Our literature review provided clear evidence on the existence of relationships between audio and text that represent the same situation, as well as between audio and images, that should be further exploited by research and modern models (for a small summary on generative tasks that involve said modality combinations, consult Table 1).

Exploring the cases most relevant to image-to-image conditioned by audio, there are some examples of image generation based on audio and text [52,53], and there are even cases of image-to-image generation assisted only by audio, but for mainly specific cases such as face changes (which replace a person’s features with another’s while maintaining consistency with the original voice recording) or lip synchronizations (where, for an image of a person, a video is generated while simulating mouth movement according to a voice recording) [34,36], which could be labeled more as a case of inpainting than image-to-image. Finally, advances in other similar areas can also be highlighted (such as text-to-video, appreciable with models such as Sora [54,55], Veo [56], Gen-3 [57], and Movie Gen [58]), and more information on some of these developments can be found at [59,60].

Currently, image-to-image generation conditioned by audio is a little-explored area of high interest in the community. To the best of our knowledge, one of the best models to date for this task is the recent CoDi model [31]. This is a model that can take any combination of audio, image, text, and video inputs and create material of any of those types (a task they called any-to-any). Additionally, a new version (CoDi-2) has also been published, and it is more flexible and adapted to conversations [30]. Another similar option is NExT-GPT, which also allows for a conversational creative process, and it works as well with audio, image, text, and video inputs [61]. Despite their promising results for future iterations, they have not yet reached a quality that could be considered ideal. Probably, the best open-source model for this task is BindDiffusion [32]. This model is based on both the image generation model Stable Diffusion [19] and the multimodal encoder ImageBind, which incorporates six modalities, including, predictably, audio and images [62]. Notwithstanding its apparently higher quality than CoDi or NExT-GPT, it also has room for improvement, and it is not evident that it is always advisable to include the largest possible number of data modalities in these models (as seems to have been attempted in all of these cases).

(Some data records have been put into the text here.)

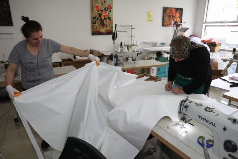 İzmit Belediyesi Çınar Kadın Kooperatifinin üretici kadınları bu kez depremzedeler için dikiş makinalarının başına geçerek çadır dikimine başladı
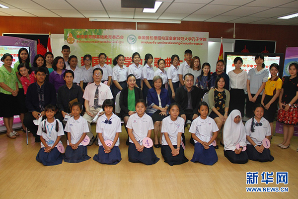 8月31日,2016年泰国中小学汉语既能大赛落幕。图为小学生、中学生选手与嘉宾和评委合影。(图片由曼松德昭帕亚皇家师范大学孔子学院提供)
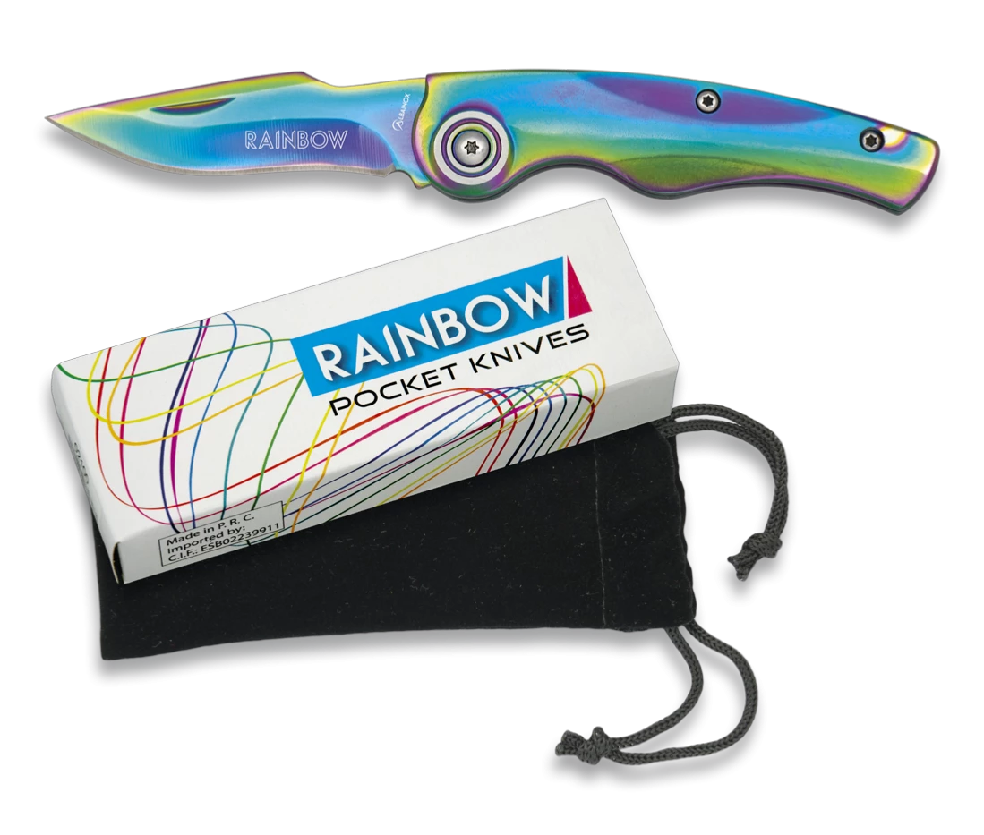 Couteau pliant Rainbow 18369, lame inox longueur 6.4 cm, manche acier.
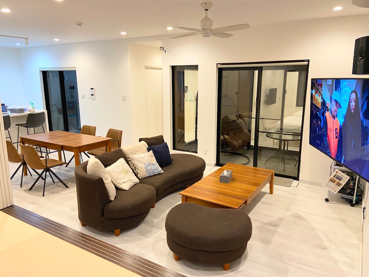 *大型テーマパーク「JUNGLIA OKINAWA」に一番近い宿 *最寄りのコンビニまで車で2分(ローソン) *24時間スーパーまで8分(AEON ・MaxValu) ★World TV 香港・台湾・韓国・アメリカなど各国に対応。他の宿にはないハイレベルなTV環境が整っています。 ★Sauna 国産木材を贅沢に使った「総ヒノキ造り&サーモウッド」のバレルサウナ! バレルサウナ国内トップブランド・BURROW(バロウ)沖縄初上陸! 輸入品では味わえない贅沢なヒノキの香りを感じるサウナを体験ください。 *温度は95℃に設定 ★露天ジャグジー 露天で開放的 サウナ後の水風呂にも最適 ★BBQ テラスとコート(中庭)に2台完備 雨が降ってもBBQが出来る! ★カラオケ( 無料) 本格的カラオケ(JOYSOUND) 部屋がカラオケBOXに変身します。 ★全室アレクサ音楽聴き放題。 ★エアー遊具&ウォータースライダー(4月〜10月) 海に負けない子供達の笑顔があります。 ファミリーからグループまでオールシーズン遊べる宿を目指してます。
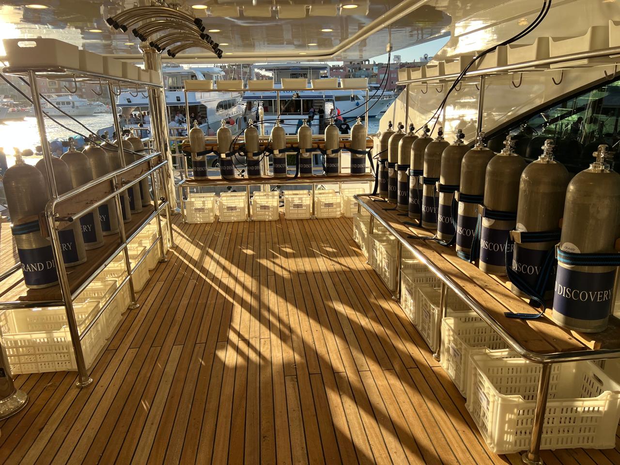 MY Grand Discovery measures 45m in length and was built in December 2025, offering excellent stability and comfort for divers. The yacht features 18 twin cabins with A/C and en-suite bathrooms, in addition to four elegant master suites on the high deck, two of which include a minibar. The spacious salon provides a separate dining and lounge area with a fully stocked bar, as well as a large TV, music system, and small library. Fully equipped for diving, the vessel offers Bauer compressors, a Nitrox membrane system, 52 aluminium tanks, and three zodiacs to ensure smooth and safe diving operations. Two shaded sundecks and a skydeck with a Jacuzzi provide ample space for all guests to relax between dives.
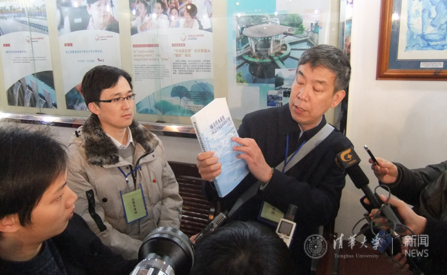 张晓健、陈超在广西龙江河镉污染事件现场向记者介绍应急成果
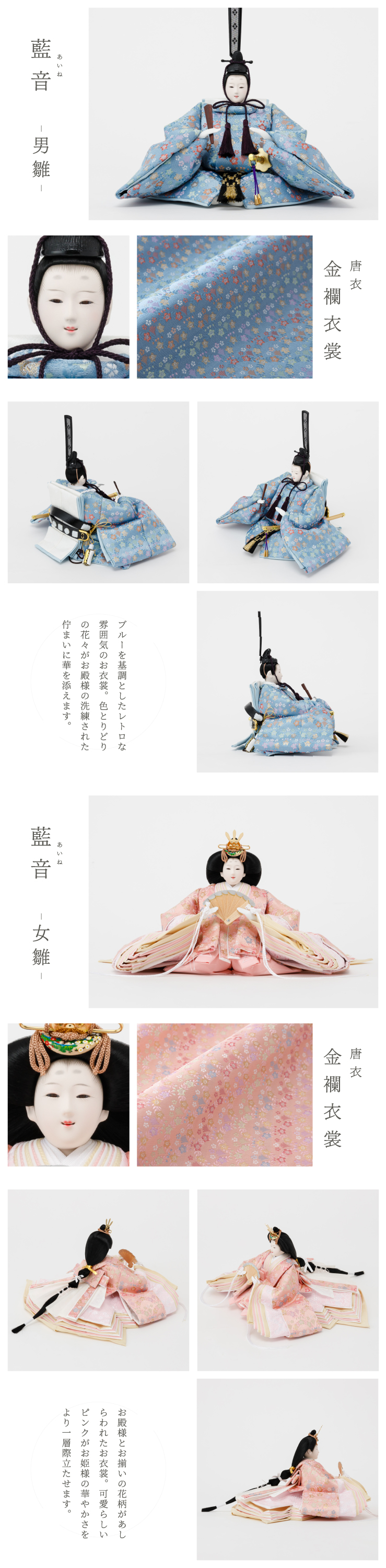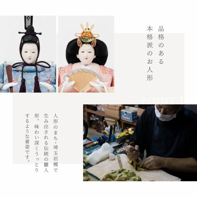 ※お人形のお顔について、左右非対称・目の形の歪み・顔の塗装の凹凸などが見受けられますが、1つ1つ職人が手作業で制作しているため、予めご了承ください。
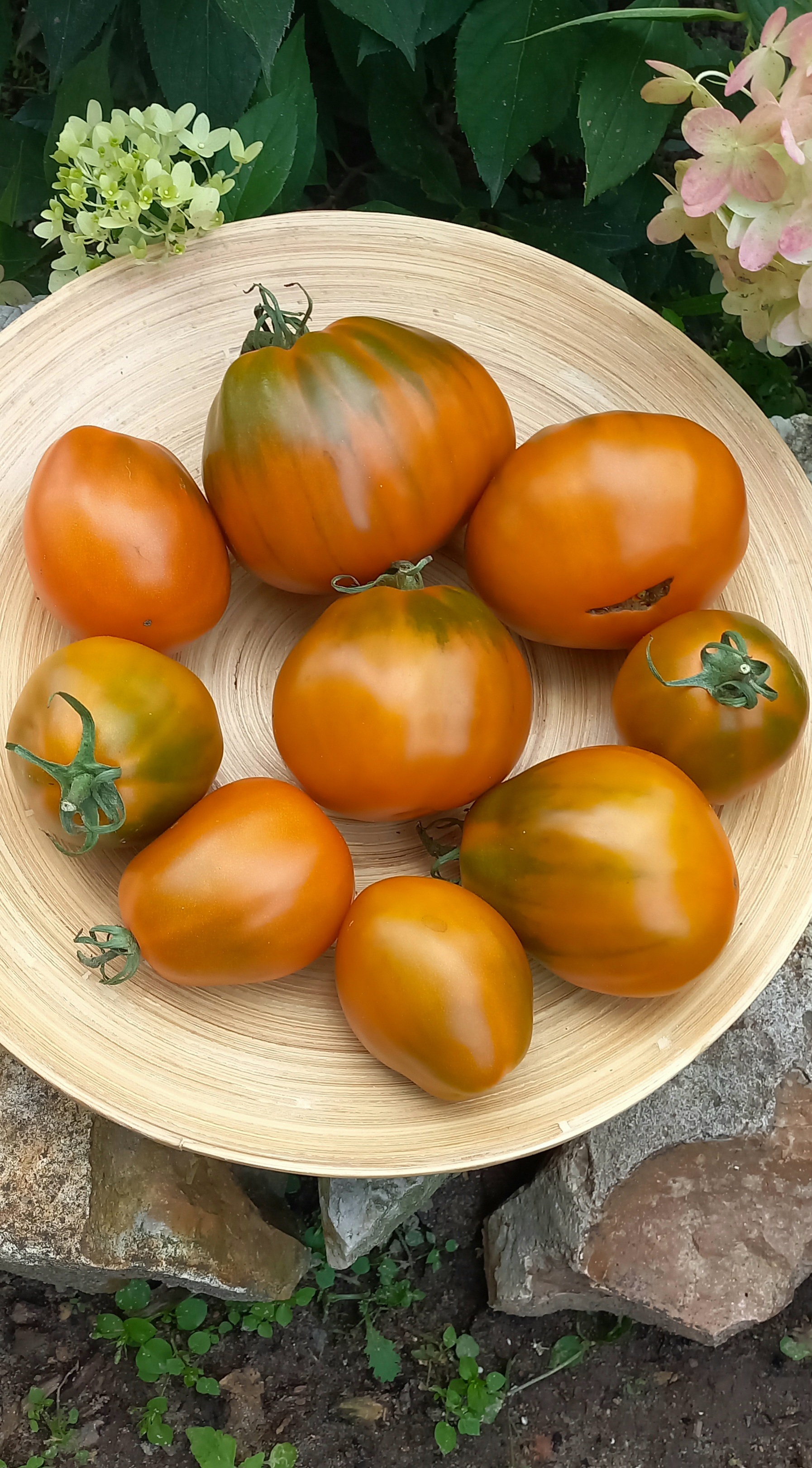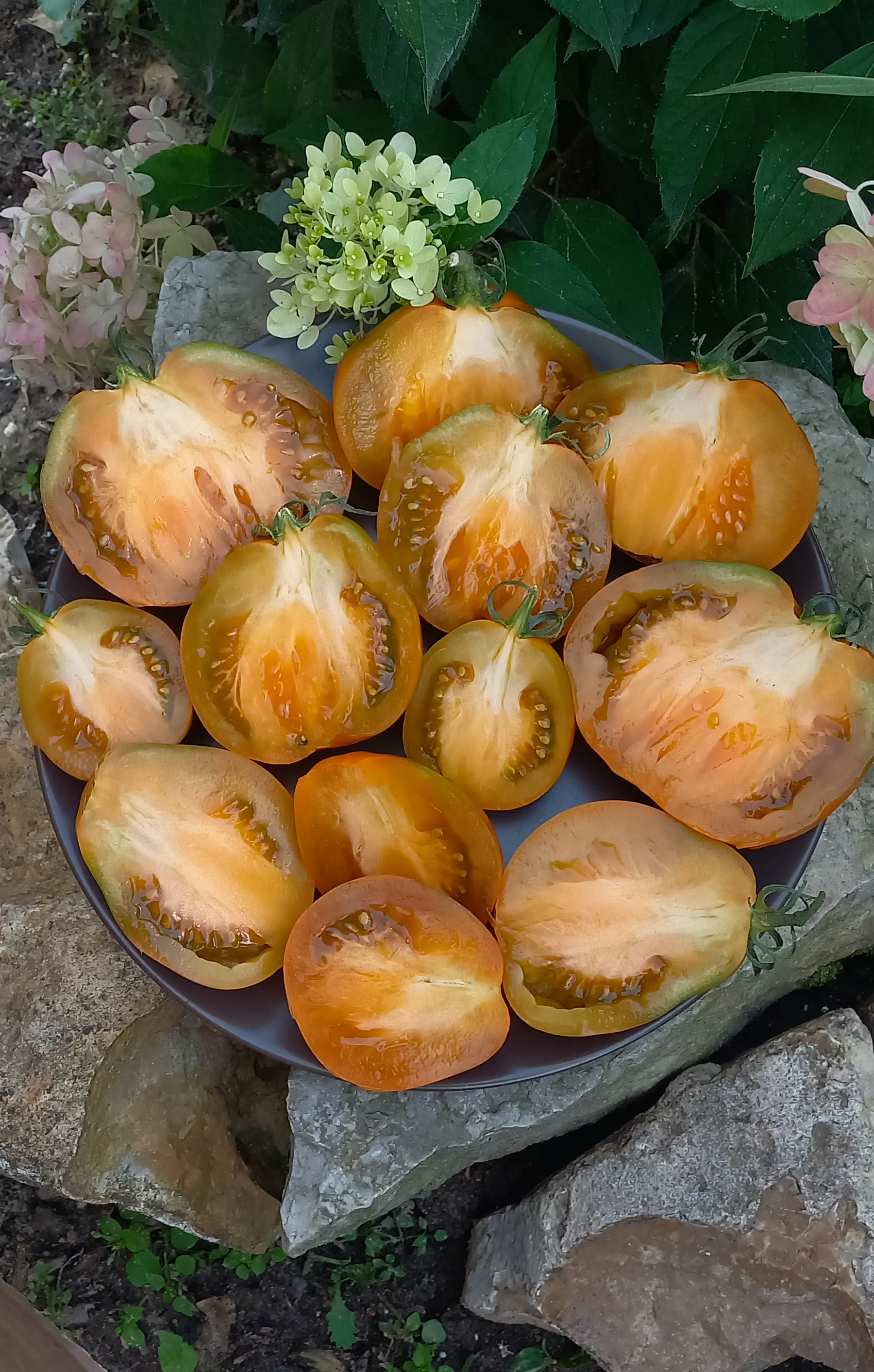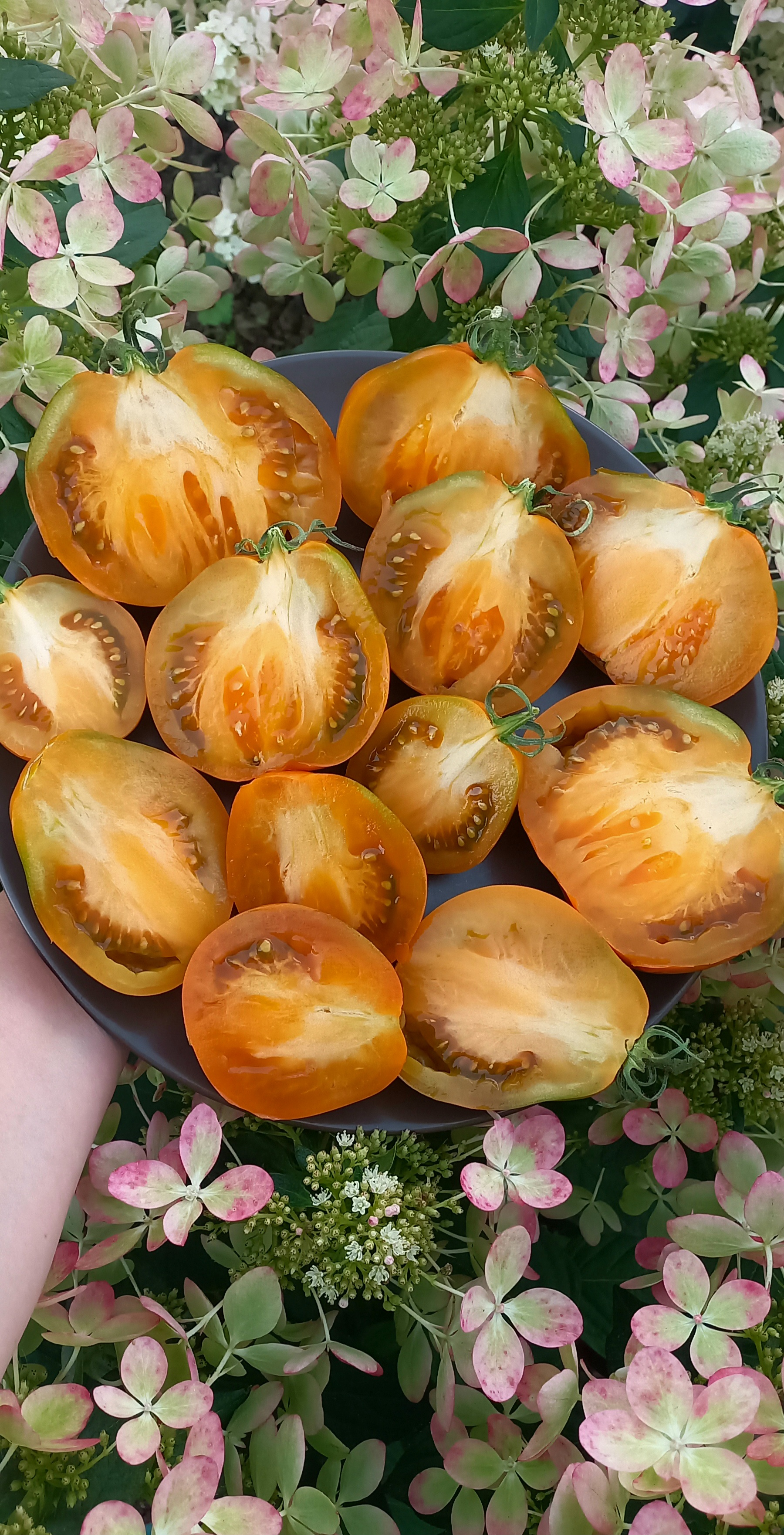 Мякоть горчичного цвета, мясистая, плотная, сочная! Вкус пикантный, фруктовый. Очень красивый, урожайный и вкусный сорт. Универсального назначения.
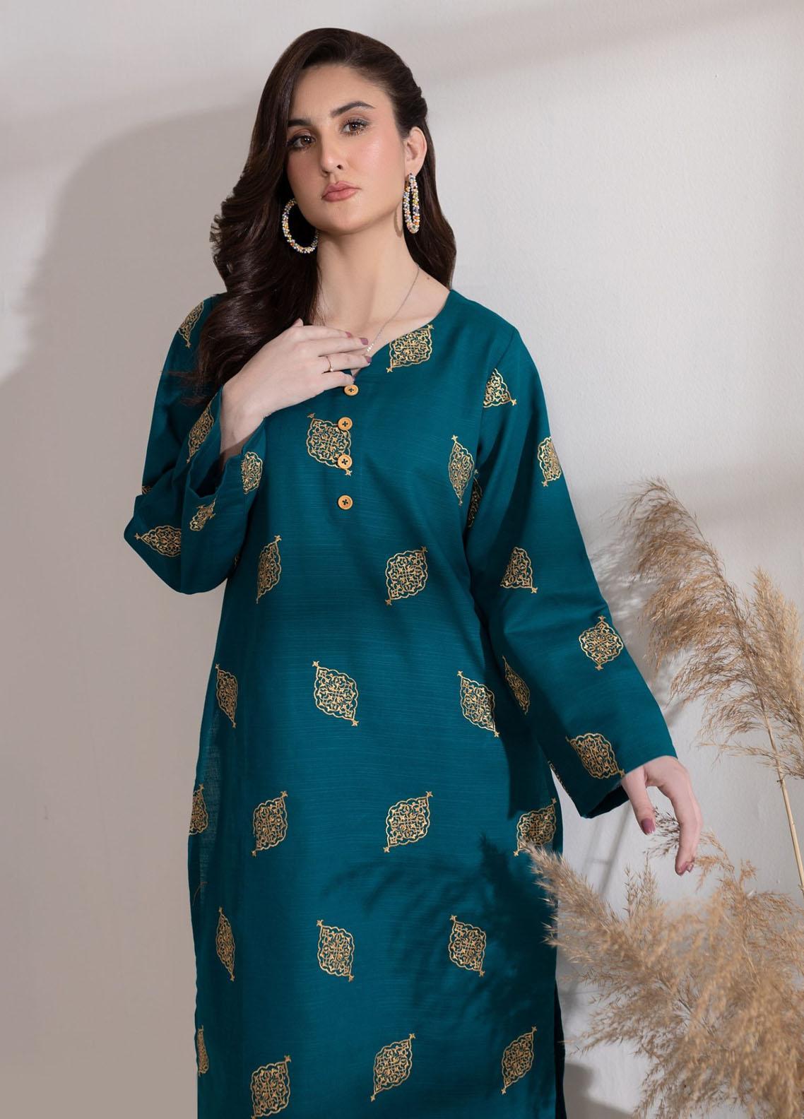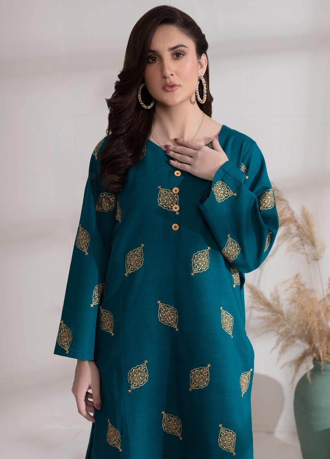 • The solid style statement with a straight shirt embroidered all over and sleeves with buttons on the neckline. Paired with loose trousers.
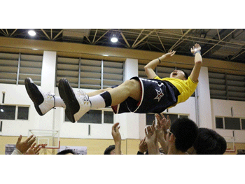 取胜后主教练被球员抛向空中庆 上场12名主力球员合照................
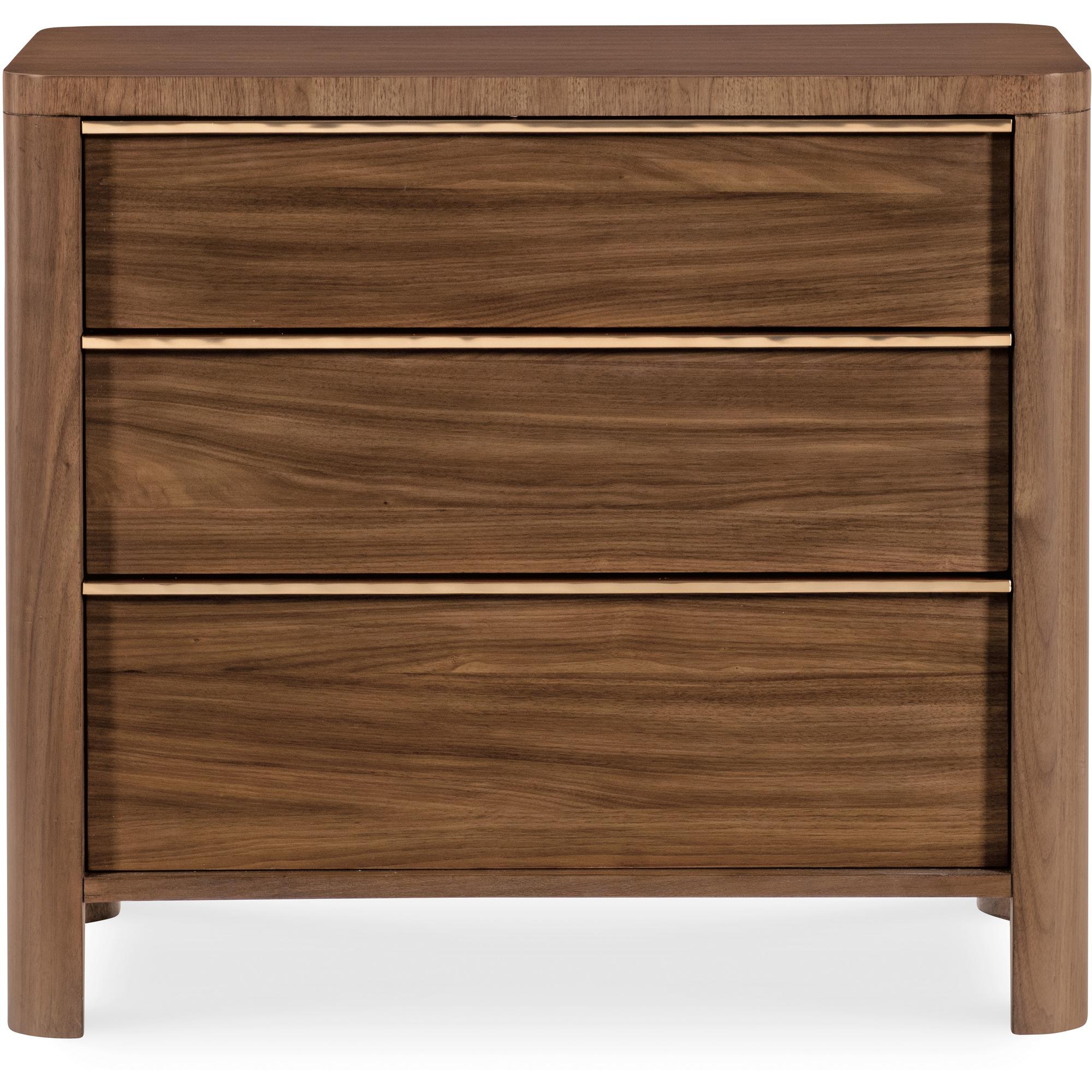 - Finish: Light Caramel finish featured on split-heart and quartered walnut veneers. Hardware featured in plated Sunlit Bronze metal finish.

The datasets involved in the training of the three previous models also shed some light on the lack of and demand for more multimodal datasets. For instance, CoDi needs to leverage different datasets (namely, LAION-400M [63], AudioSet [64], AudioCaps [65], Freesound 500K, BBC Sound Effect, SoundNet [66], WebVid-10M [67], and HD-VILA-100M [68]), with none of them combining all the required modalities. Similarly, ImageBind also makes use of multiple datasets (namely, AudioSet, SUN RGB-D [69], LLVIP [70], Ego4D [71], and private “large-scale web datasets with (image, text) pairings”), presumably due to a lack of simultaneous modalities and/or a small number of observations in each dataset. Lastly, the NExT-GPT team curated their own public dataset (called MosIT), with all the modalities they were interested in, although it only encompasses 5000 observations. We later compare the available datasets of those just mentioned with the one we generated.

3. State of the Art

In the last decade, image generation has experienced enormous growth, driven by significant advances in fields such as artificial intelligence, machine learning, and computer vision [72,73]. This progress has led to the creation of increasingly realistic and stylized images [74]. While, thanks to advances in the quality of computer-generated images (with recent examples such as Stable Diffusion XL [8] or 3 [20], DALL·E 3 [23,24], Imagen 3 [9], or FLUX [10]), the level of these images has reached a degree that makes it difficult to differentiate them from human-generated images; there is still much work to be done in terms of improving quality consistency, reducing bias, lowering computational costs, and facilitating user control over the generations (i.e., generating what the user actually expects/wants) [2].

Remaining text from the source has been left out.